3.1.1.2.1 Variable names
Variable names, like data file names, should be brief but informative. There are few restrictions on what variable names can be in R. For simplicity, I recommend you use only lowercase letters, numbers, underscores (_
), and periods (.
) in variable names. Other symbols are either inconvenient to type, or can cause issues being parsed by R. Some common pifalls include:
Leading numerals will cause an error if not enclosed in quotation marks:
Numeral-only names will cause an error. They can also be misinterpreted as column numbers. Don’t give your variables numeral-only names.
x <- iris[1:5,]
names(x)[1] <- "3"
x$3 # error
x$'3' # works
x[,3] # column number 3
x[,"3"] # column named "3"
Spaces in variable names will cause errors because R interprets a space as whitespace, not part of a name. If you insist on using spaces, enclose the variable name in quotation marks every time you use it. This is one of the few places where R cares about whitespace.
## [1] 5.1 4.9 4.7 4.6 5.0
Special characters in variable names can cause issues with parsing.
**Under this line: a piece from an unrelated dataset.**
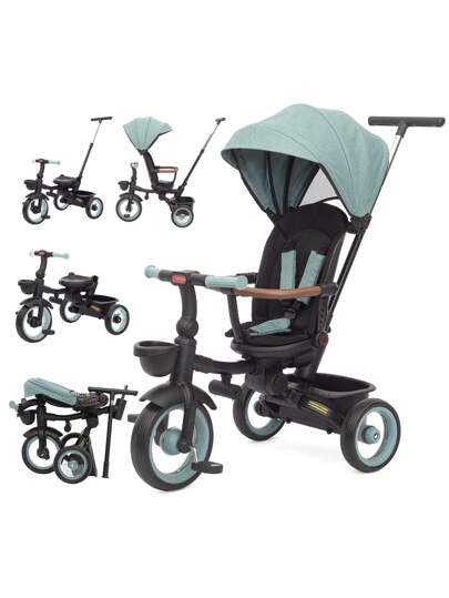 UBRAVOO 7 en 1 Bicicleta Triciclo Plegable y Multifuncional para Niños con Empujadores de Mano y Cinturón de , 360 Grados de Rotación para Sentarse y Tumbarse, Juguete para Niños 10 Meses-6 Años - Verde - Añade 1

Many symbols that you might think to use, such as hyphens (aka: dashes, -
) or slashes /
are also R operators. Again, try to avoid these issues by using only letters, numbers, underscores, and periods.
## [1] 5.1 4.9 4.7 4.6 5.0
## surv% Sepal.Width Petal.Length Petal.Width Species
## 1 5.1 3.5 1.4 0.2 setosa
## 2 4.9 3.0 1.4 0.2 setosa
## 3 4.7 3.2 1.3 0.2 setosa
## 4 4.6 3.1 1.5 0.2 setosa
## 5 5.0 3.6 1.4 0.2 setosa
## [1] 5.1 4.9 4.7 4.6 5.0
Uppercase letters in variable names work just fine, but they can be inconvenient. Because R is case sensitive, you need to type the variable exactly the same way each time. This can be tedious if you have several variables with similar names. In my code I prefer to use only lower case letters, so I don’t ever have to remember how names are capitalized.
x <- iris[1:5,]
names(x)[1] <- "sep.len" # convenient
names(x)[2] <- "SEP.LEN" # slightly inconvenient
names(x)[3] <- "Sep.Len" # more inconvenient
names(x)[4] <- "SeP.lEn" # just don't
x
## sep.len SEP.LEN Sep.Len SeP.lEn Species
## 1 5.1 3.5 1.4 0.2 setosa
## 2 4.9 3.0 1.4 0.2 setosa
## 3 4.7 3.2 1.3 0.2 setosa
## 4 4.6 3.1 1.5 0.2 setosa
## 5 5.0 3.6 1.4 0.2 setosa
3.1.1.2.2 Data values
All data in R have a type: numeric, logical, character, etc. Within a vector, matrix, or array, all values must have the same type or they will be converted to character strings. Each variable in a data frame (the most common R data structure) is essentially a vector. This means that in your input file you should try to have one and only one type of data in each column. Otherwise, R will coerce the values into character strings, which may or may not be a problem. Putting only one type of value into each column will also help get your data into “wide” or “tidy” format (Wickham (2014)).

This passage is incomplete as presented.